Мадемуазель, почему ваш стакан виски до сих пор полон? Вы что, не изучили план эвакуации в этом забытом богом месте? Вы надеетесь, что отсюда можно сбежать? здесь ведь даже нет ни одного вокзала или аэропорта, что уж говорить о кассах предварительной продажи билетов. Мадемуазель, вы, ей-богу, смешны. Вы похожи на на маленького нахохлившегося совёнка. Будто вам никого не хотелось поцеловать уже года эдак два. А вчера порезали язык о половинку невкусного леденца. На ваших пальцах нет ни одного кольца - только царапины, нет, ну как так можно, в вашем-то прекрасном возрасте. Мадемуазель, почему вы плачете? вы надеетесь, что этим людям вокруг на вас не наплевать? вы думаете, это даст вам что-то, кроме слегка покрасневших век? Или вы считаете, что солёный виски вкуснее? Даже мексиканцы запивают свою кактусовую отраву напитком поприятнее. По крайней мере, по цвету больше подошёл бы к вашим волосам. Мадемуазель, куда вы всё время смотрите? Там за окном унылый пейзаж, он того не стоит. Одна сплошная пыльная пустыня, и даже та одинокая белая гора не красит горизонта. К ней уже давным давно никто не ходит, да и... Мадемуазель, постойте, куда же вы уходите, погодите, я ж ещё не сказал вам самого главного, пожалуйста, не уходите, далась вам эта гора, да куда же вы, стойте, стойте, куда же вы...
"Мадемуазель, я в Вас безумно влюблён. В тот самый первый вечер, то есть миг, то есть не первый, а... Тьфу ты."

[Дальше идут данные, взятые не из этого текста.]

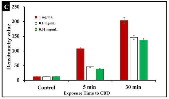 To examine the effect of CBD treatment on Salmonella cells, S. typhimurium and S. newington samples were treated with CBD at concentrations of 1.25, 0.125, or 0.0125 μg/mL. These samples were visualized using immunofluorescent 4′,6-diamidino-2-phenylindole (DAPI) staining. This staining technique emits fluorescence when the stain binds to AT-rich DNA. This stain is membrane impermeable, and thus, fluorescence represents compromised membrane integrity. DAPI staining confirmed that CBD treatment resulted in degradation of membrane integrity after 5 min and 30 min of treatment (Figure 4A,B). Quantitative analysis using densitometry of these images showed increased DAPI fluorescence from the 5 min to the 30 min time points (Figure 4C). These images all indicate that CBD can successfully damage Salmonella cells outer lipopolysaccharide membranes.

Ты знаешь, что однажды придёшь на какую-нибудь скалу – она обязательно будет белой, с плоской колючей вершиной, а внизу – обрыв, какой любили рисовать в 18 веке. Ветер там завывает так, что сил не остаётся ни на одну из мыслей. Облака – как ты всё время пытался нарисовать в рыжем блокноте, но так и не получилось, теперь уже поздно – вон они, настоящие, прямо совсем рядом, кажется, только встань на цыпочки, и сразу дотянешься. Пальцы дрожат так, что можно подумать, будто ты никогда раньше не ходила на цыпочках по белому обрыву. Ты каждый раз оттягиваешь этот момент, разрываешься на части рвёшься на море, рассказываешь, что черепахи с гигантскими ластами тебя привлекают больше, чем ветер в нестриженных уже целую вечность волосах. Или что готическая европейская архитектура завораживает куда сильнее, чем где-то далеко затерявшаяся скала – попробуй, найди её ещё, попробуй доберись до вершины, попробуй не смалодушничай в последний момент – стоит ли оно того, оценит ли кто, не забудет ли даже первый встречный через два дня. Тебя не мучает совесть из-за бесконечных отсрочек всего лишь потому, что ты знаешь, что рано или поздно ты возьмёшь одну-две самые важные для тебя вещи – не дай б-г это окажется какой-нибудь чепуховый пустяк кем-то давно подаренный – оставишь всё остальное без сожаления и обязательно придёшь туда. Ты потому и живёшь вечно – каждый день, как звук порвавшейся струны – что надеешься на очередную ничего не меняющую отсрочку, боясь признаться, что можешь давать их сам себе одну за другой до бесконечности.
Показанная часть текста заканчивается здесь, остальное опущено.